As just about every C# programmer or .NET project developer, you’ll eventually need to create a PDF library. The process is similar for everyone: research the net for an existing library, try to mimic its features and advantages, write it down in your own language, choose if you want to contribute back.
Most of the time though, you will end up maintaining your own PDF library, adding new features, and fixing bugs. In this article, we will explain the benefits of contributing to existing projects instead of writing your own C# PDF Library code from scratch, and which open-source alternatives are currently available.
Converting a PDF File to a String
Before getting into the tools that you can use for development, let’s take a look at the first feature any PDF library should have. If you want to create a PDF file from scratch, you will need to deal with images and other data sources within your document.
To be able to work with these images, texts, or forms, you will need to convert them into their corresponding formats (PNG files, HTML files, ODT files).

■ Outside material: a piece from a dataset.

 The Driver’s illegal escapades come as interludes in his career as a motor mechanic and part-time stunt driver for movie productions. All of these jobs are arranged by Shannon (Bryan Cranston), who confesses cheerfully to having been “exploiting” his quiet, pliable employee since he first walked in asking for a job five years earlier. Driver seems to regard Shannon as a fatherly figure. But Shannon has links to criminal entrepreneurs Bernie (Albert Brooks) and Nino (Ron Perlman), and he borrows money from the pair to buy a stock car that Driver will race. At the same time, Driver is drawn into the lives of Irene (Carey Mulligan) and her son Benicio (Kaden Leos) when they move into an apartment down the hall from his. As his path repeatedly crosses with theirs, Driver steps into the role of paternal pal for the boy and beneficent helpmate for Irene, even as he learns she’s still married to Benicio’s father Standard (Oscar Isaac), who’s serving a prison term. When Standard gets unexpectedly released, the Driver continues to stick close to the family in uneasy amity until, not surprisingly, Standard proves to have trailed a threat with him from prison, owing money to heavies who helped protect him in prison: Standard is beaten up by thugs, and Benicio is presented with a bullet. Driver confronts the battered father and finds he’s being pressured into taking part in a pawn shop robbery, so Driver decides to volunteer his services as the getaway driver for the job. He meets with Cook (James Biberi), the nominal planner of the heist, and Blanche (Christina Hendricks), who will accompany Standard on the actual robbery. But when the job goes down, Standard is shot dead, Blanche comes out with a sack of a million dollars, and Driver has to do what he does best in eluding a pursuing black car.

In C# this is done using the System. Drawing namespace. This library provides you with tools to open an existing PDF file and get a string representation of it.

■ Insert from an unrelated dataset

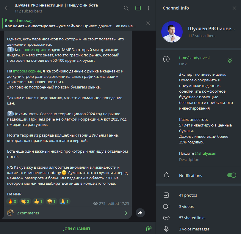 Главный канал проекта носит название «Шуляев PRO Инвестиции Пишу фин бота» и доступен по ТГ-юзернейму sandyinvest. Сейчас на него подписаны около 100-120 пользователей. Но их число существенно сократилось со временем, поскольку последний пост здесь выходил еще в марте 2024 года.

It’s a crucial step for any developer who wants to create their own C# PDF Library. The following snippet shows how easy it is to transform a PDF document into an image:
var pdfDocument = new PdfReader ( “Input.pdf” ); var pdfImage = (Image) Image.FromStream (pdfDocument.GetPage (1).Stream);
image2.Draw (new Rectangle (0,0 imgSource.Width, imgSource.Height ), new PointF (0, 0 ));
As you can see, in your C# PDF library, you will need to use the System. Drawing library along with a PdfReader instance or an existing PdfWriter instance in order to read and write images.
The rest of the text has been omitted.